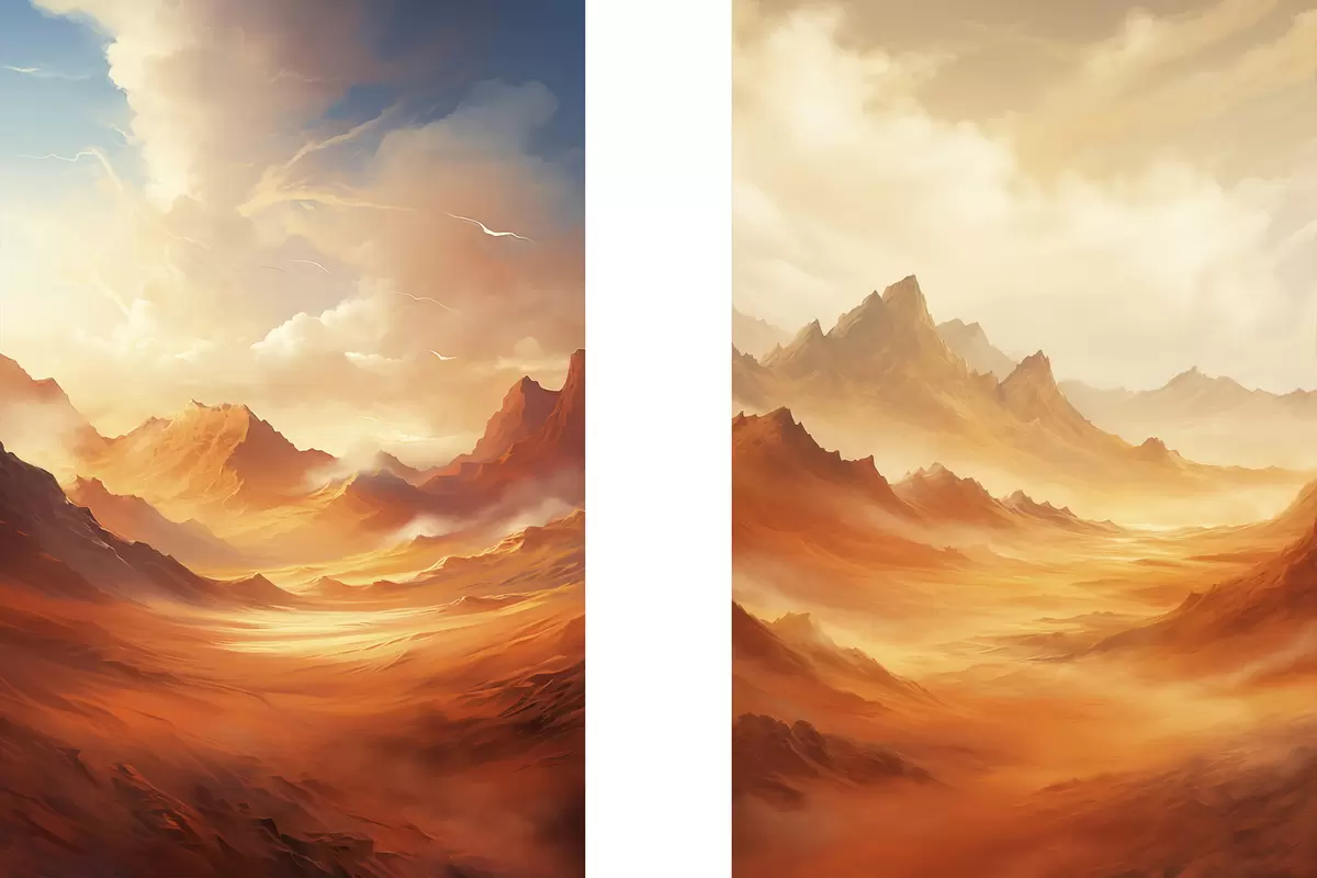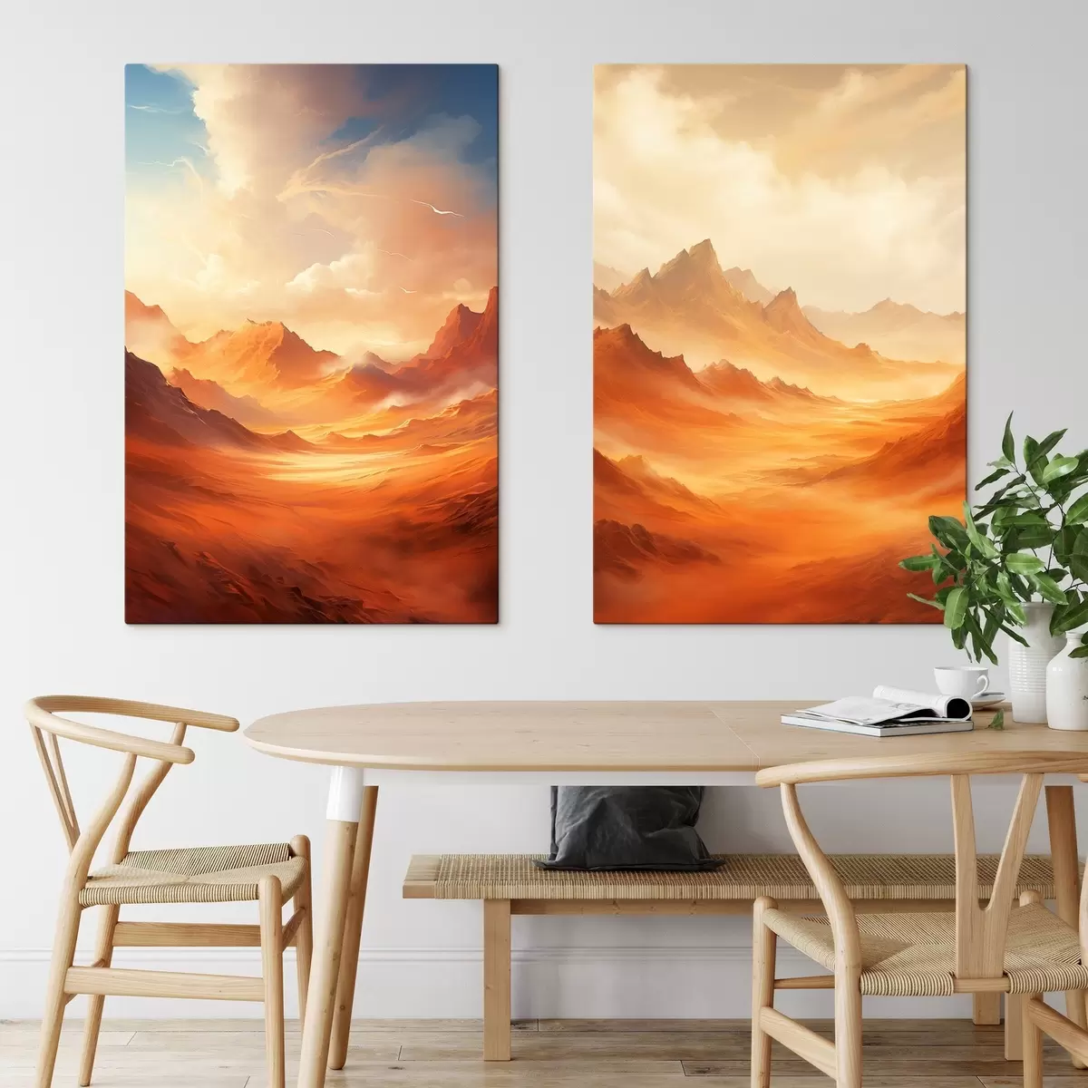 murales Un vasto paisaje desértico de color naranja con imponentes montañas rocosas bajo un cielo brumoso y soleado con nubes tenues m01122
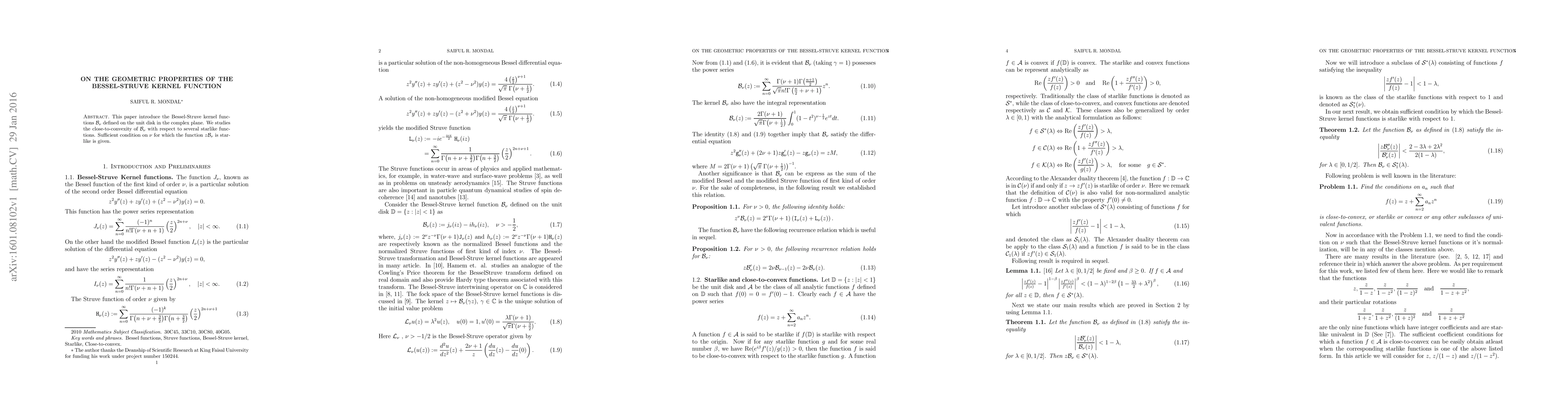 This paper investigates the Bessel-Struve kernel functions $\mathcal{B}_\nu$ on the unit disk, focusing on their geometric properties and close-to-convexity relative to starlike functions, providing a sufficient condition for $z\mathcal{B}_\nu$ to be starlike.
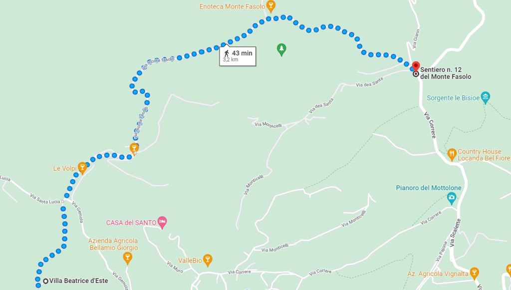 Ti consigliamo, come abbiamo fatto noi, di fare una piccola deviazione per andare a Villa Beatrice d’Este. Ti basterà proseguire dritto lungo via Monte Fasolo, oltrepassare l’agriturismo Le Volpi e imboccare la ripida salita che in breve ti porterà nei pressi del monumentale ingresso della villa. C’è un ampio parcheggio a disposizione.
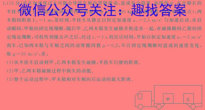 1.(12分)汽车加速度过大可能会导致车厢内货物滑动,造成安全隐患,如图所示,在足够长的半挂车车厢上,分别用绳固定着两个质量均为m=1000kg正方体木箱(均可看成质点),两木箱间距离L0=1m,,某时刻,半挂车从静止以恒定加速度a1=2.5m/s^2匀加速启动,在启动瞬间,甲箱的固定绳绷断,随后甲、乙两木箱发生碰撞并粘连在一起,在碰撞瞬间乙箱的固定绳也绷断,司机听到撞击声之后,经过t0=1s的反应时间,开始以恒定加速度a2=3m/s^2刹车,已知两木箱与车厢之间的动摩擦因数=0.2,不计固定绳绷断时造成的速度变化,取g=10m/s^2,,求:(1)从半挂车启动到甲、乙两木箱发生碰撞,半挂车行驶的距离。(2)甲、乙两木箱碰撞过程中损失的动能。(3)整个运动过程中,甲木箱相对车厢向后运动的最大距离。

--

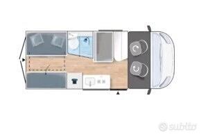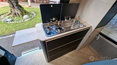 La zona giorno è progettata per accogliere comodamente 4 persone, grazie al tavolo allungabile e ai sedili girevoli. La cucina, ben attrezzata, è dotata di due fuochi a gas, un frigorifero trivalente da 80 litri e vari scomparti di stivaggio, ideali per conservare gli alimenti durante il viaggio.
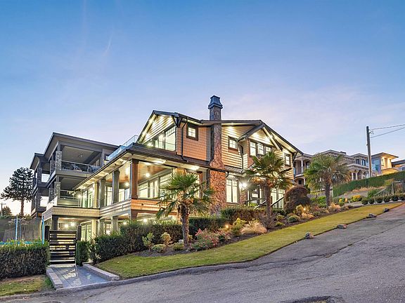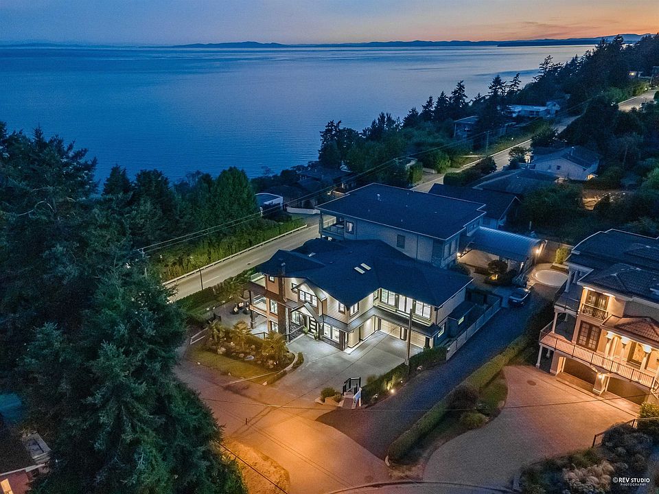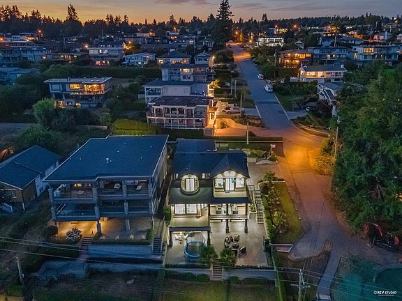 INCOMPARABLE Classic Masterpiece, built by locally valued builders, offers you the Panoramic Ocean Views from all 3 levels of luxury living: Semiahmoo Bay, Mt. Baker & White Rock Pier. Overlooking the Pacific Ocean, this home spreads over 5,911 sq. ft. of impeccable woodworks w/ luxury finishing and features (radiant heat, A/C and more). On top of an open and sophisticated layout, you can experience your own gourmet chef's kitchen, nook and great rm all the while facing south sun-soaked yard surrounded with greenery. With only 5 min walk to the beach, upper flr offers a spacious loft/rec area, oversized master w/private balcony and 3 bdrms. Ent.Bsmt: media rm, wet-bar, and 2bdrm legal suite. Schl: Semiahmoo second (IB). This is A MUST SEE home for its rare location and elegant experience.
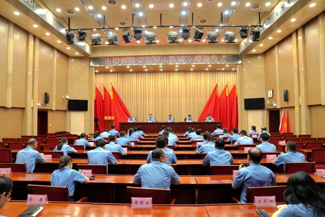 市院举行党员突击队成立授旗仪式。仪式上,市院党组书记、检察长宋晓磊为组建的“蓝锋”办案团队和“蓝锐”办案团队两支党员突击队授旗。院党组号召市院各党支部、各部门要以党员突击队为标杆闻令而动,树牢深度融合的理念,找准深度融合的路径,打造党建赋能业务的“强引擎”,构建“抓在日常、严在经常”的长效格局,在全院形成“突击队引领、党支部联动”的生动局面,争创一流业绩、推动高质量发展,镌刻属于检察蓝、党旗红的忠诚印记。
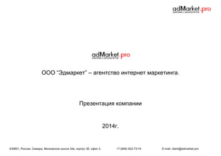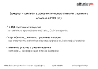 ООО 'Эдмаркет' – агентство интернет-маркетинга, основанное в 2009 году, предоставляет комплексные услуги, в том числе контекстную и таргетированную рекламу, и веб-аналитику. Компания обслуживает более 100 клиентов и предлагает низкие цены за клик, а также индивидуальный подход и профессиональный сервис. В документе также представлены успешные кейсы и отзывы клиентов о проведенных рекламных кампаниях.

==

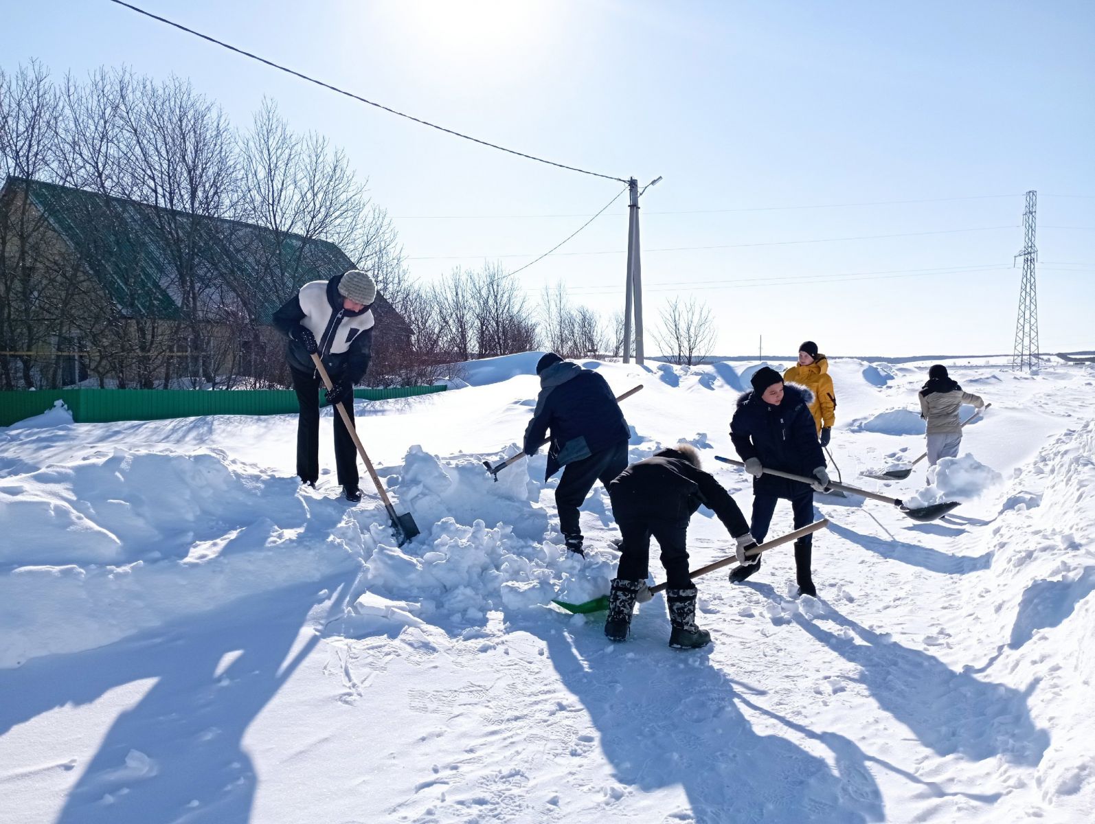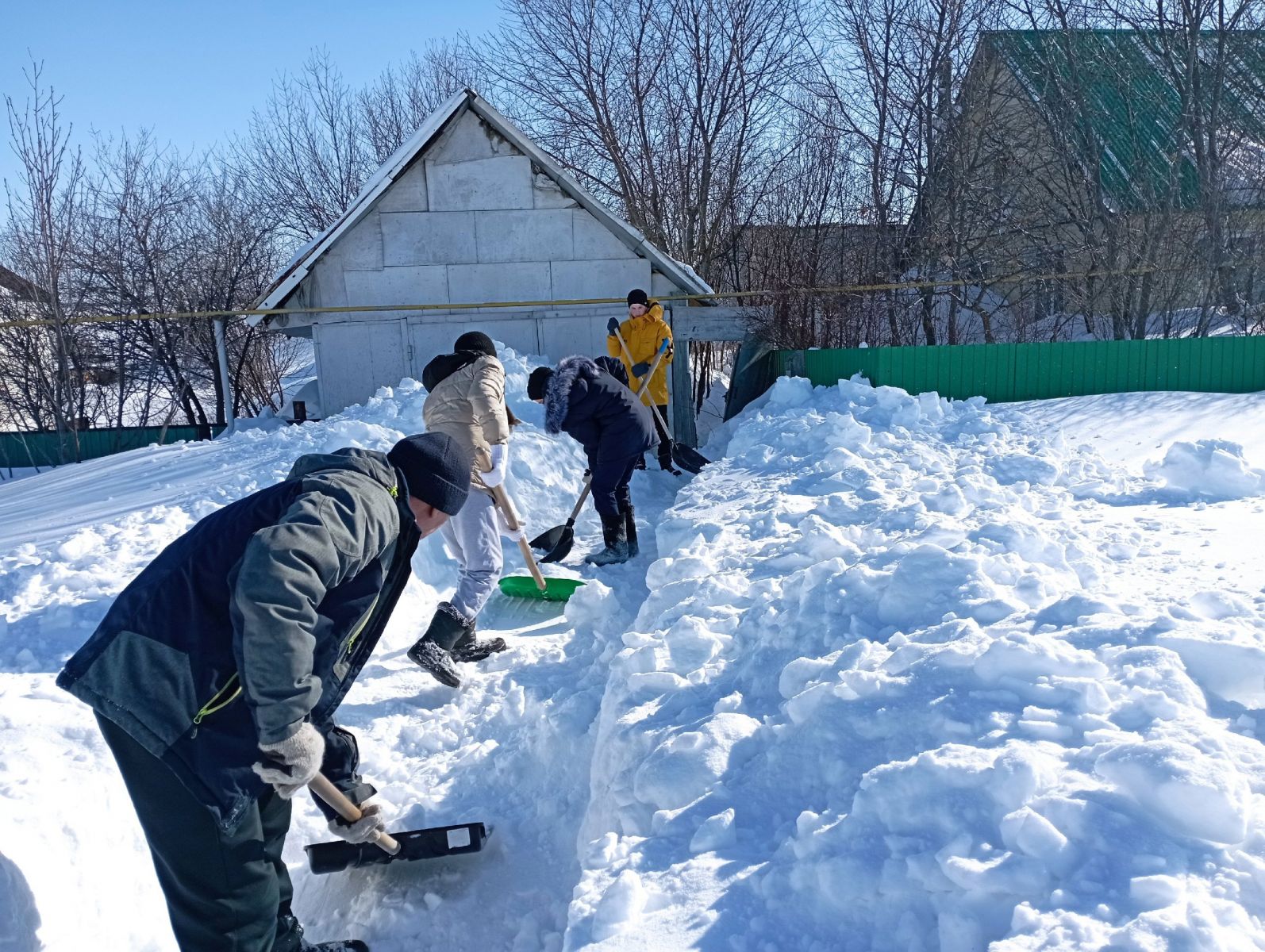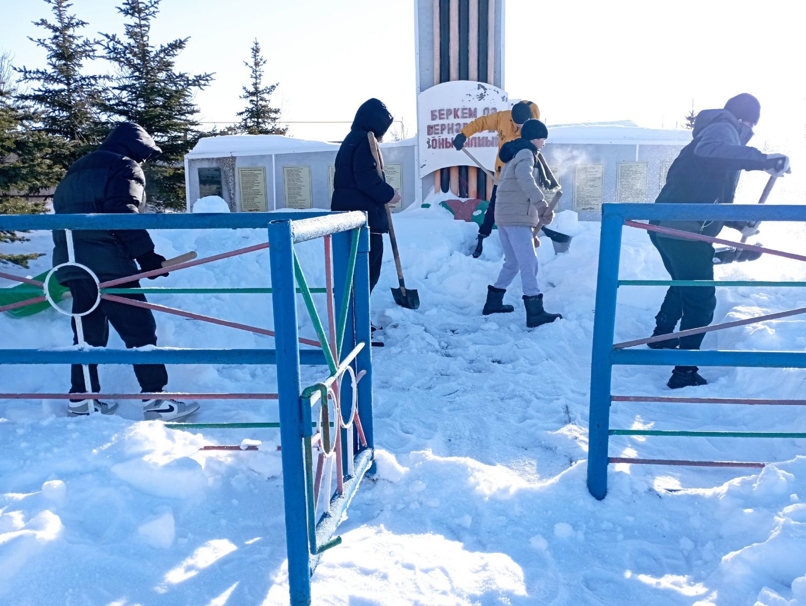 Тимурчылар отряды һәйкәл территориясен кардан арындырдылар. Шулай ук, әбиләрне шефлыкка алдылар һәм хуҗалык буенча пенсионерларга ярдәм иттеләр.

Aim of the exercise -
Respond with the exact lines above running from the one containing "murales Un vasto" to the one containing "1.(12分)汽车加速度过大", both ends kept and no pictures included.

Exercise solution -
 murales Un vasto paisaje desértico de color naranja con imponentes montañas rocosas bajo un cielo brumoso y soleado con nubes tenues m01122
 This paper investigates the Bessel-Struve kernel functions $\mathcal{B}_\nu$ on the unit disk, focusing on their geometric properties and close-to-convexity relative to starlike functions, providing a sufficient condition for $z\mathcal{B}_\nu$ to be starlike.
 Ti consigliamo, come abbiamo fatto noi, di fare una piccola deviazione per andare a Villa Beatrice d’Este. Ti basterà proseguire dritto lungo via Monte Fasolo, oltrepassare l’agriturismo Le Volpi e imboccare la ripida salita che in breve ti porterà nei pressi del monumentale ingresso della villa. C’è un ampio parcheggio a disposizione.
 1.(12分)汽车加速度过大可能会导致车厢内货物滑动,造成安全隐患,如图所示,在足够长的半挂车车厢上,分别用绳固定着两个质量均为m=1000kg正方体木箱(均可看成质点),两木箱间距离L0=1m,,某时刻,半挂车从静止以恒定加速度a1=2.5m/s^2匀加速启动,在启动瞬间,甲箱的固定绳绷断,随后甲、乙两木箱发生碰撞并粘连在一起,在碰撞瞬间乙箱的固定绳也绷断,司机听到撞击声之后,经过t0=1s的反应时间,开始以恒定加速度a2=3m/s^2刹车,已知两木箱与车厢之间的动摩擦因数=0.2,不计固定绳绷断时造成的速度变化,取g=10m/s^2,,求:(1)从半挂车启动到甲、乙两木箱发生碰撞,半挂车行驶的距离。(2)甲、乙两木箱碰撞过程中损失的动能。(3)整个运动过程中,甲木箱相对车厢向后运动的最大距离。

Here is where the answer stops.